INSTRUCTIONS TO FOLLOW
In your copy, each line below is repeated exactly and no image appears.

PROVIDED DATA
- Opening Delimiter -

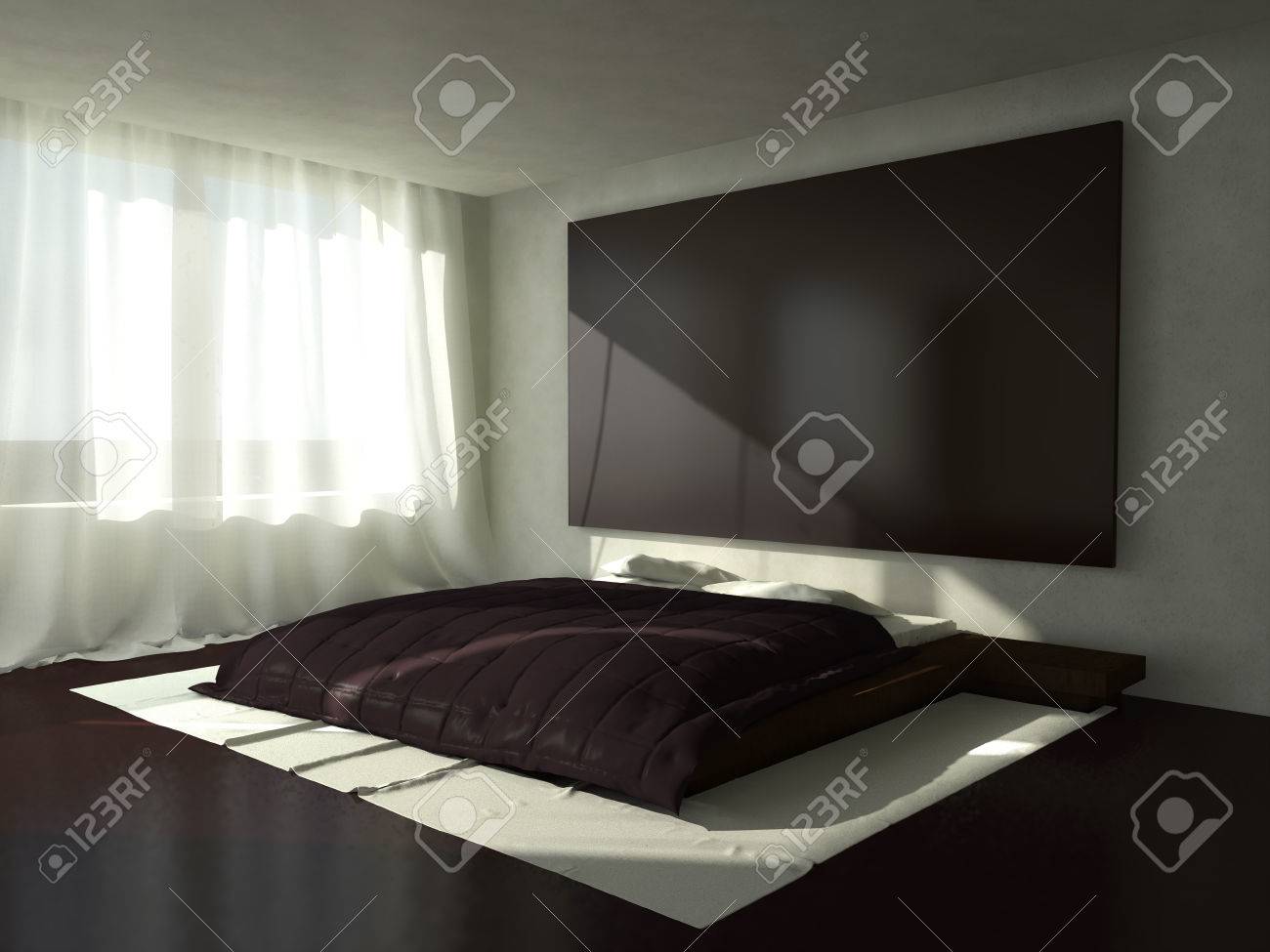 3d Bedroom With A King Size Platform Bed Covered With Sheets
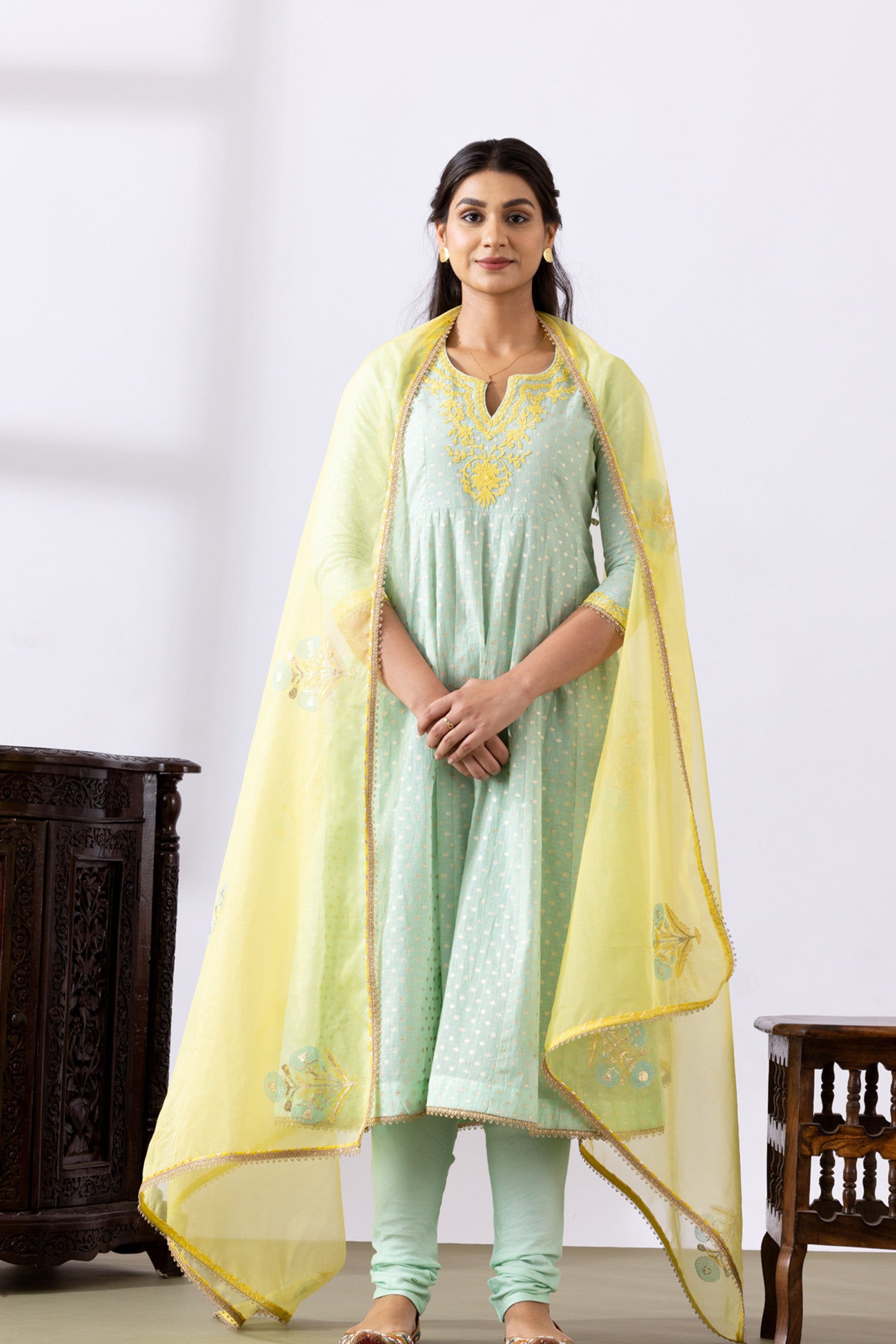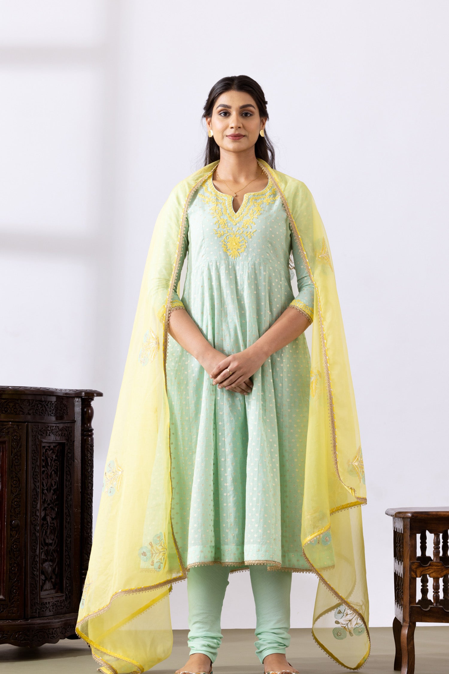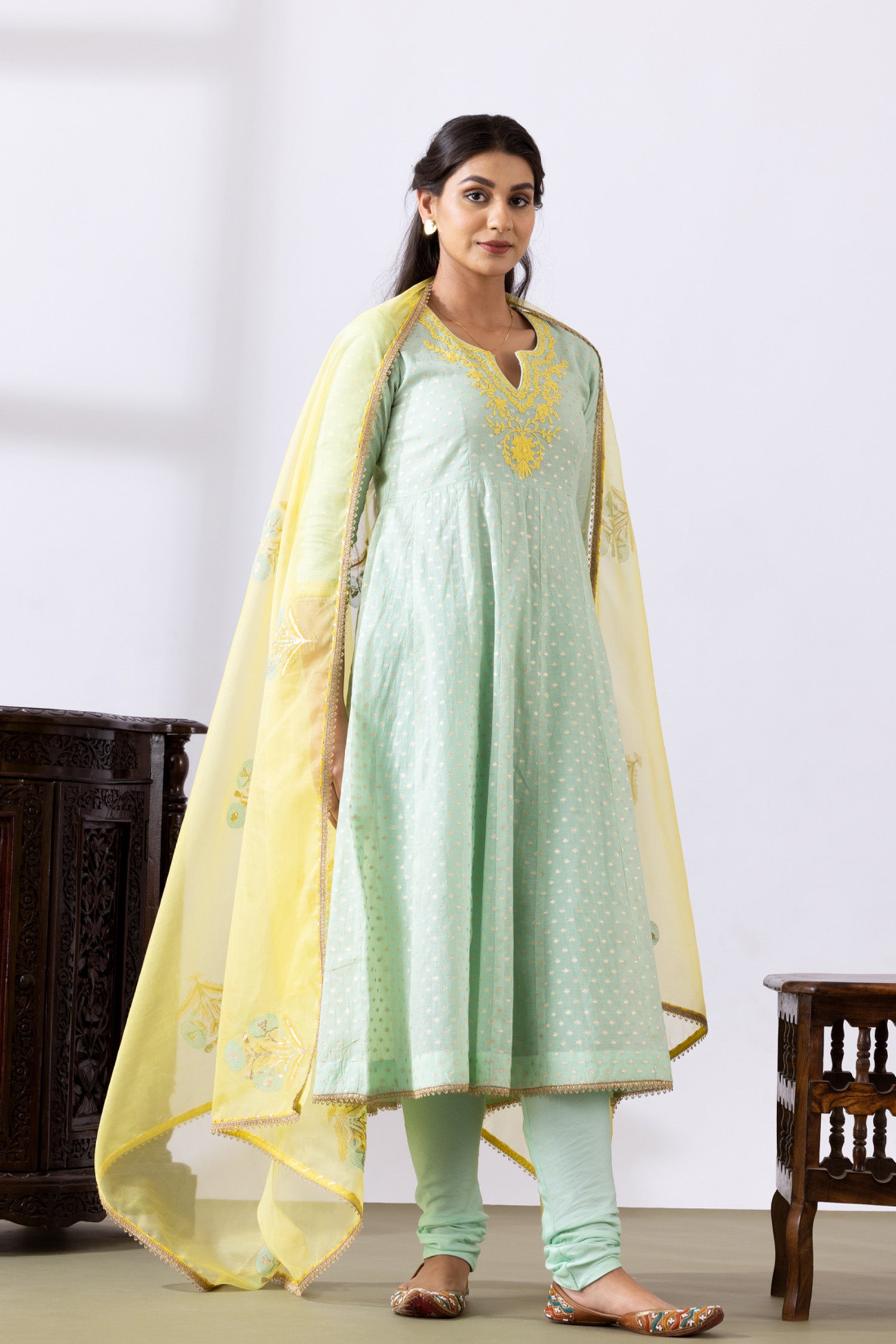 Sea Green Dori Embroidery Chanderi Anarkali Churidar Set
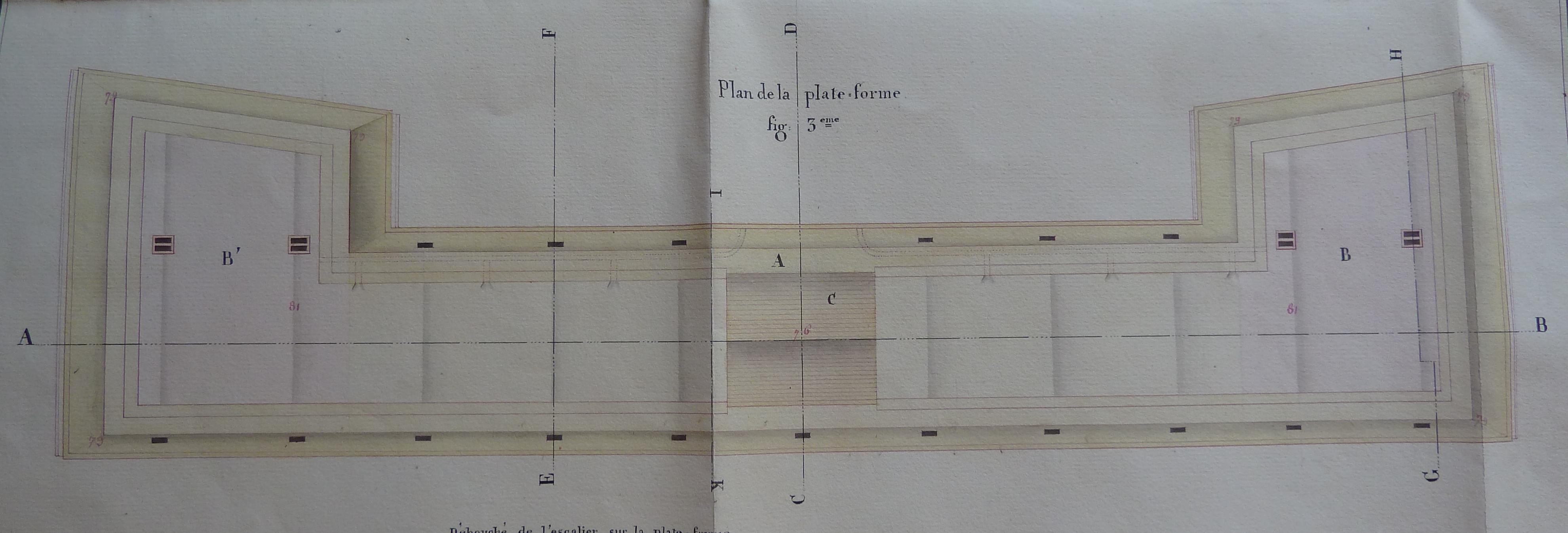 Service historique de la Défense, département Armée de Terre, Vincennes. Archives du Génie ; Article 8, Places françaises et d'Algérie : 1 VH 1516, Place de Quiberon, projets et dépenses annuels, 1823-1837. Direction du Génie de Port-Louis, Poste de Quiberon, feuille n° 1 des projets pour 1827, plan de la caserne défensive du fort Penthièvre, août 1826.
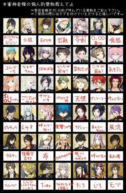 #審神者様の個人的愛称教えてよ わたしもやった~おもしろみはない

- Closing Delimiter -

SOLUTION TO THE PROBLEM
 3d Bedroom With A King Size Platform Bed Covered With Sheets
 Sea Green Dori Embroidery Chanderi Anarkali Churidar Set
 Service historique de la Défense, département Armée de Terre, Vincennes. Archives du Génie ; Article 8, Places françaises et d'Algérie : 1 VH 1516, Place de Quiberon, projets et dépenses annuels, 1823-1837. Direction du Génie de Port-Louis, Poste de Quiberon, feuille n° 1 des projets pour 1827, plan de la caserne défensive du fort Penthièvre, août 1826.
 #審神者様の個人的愛称教えてよ わたしもやった~おもしろみはない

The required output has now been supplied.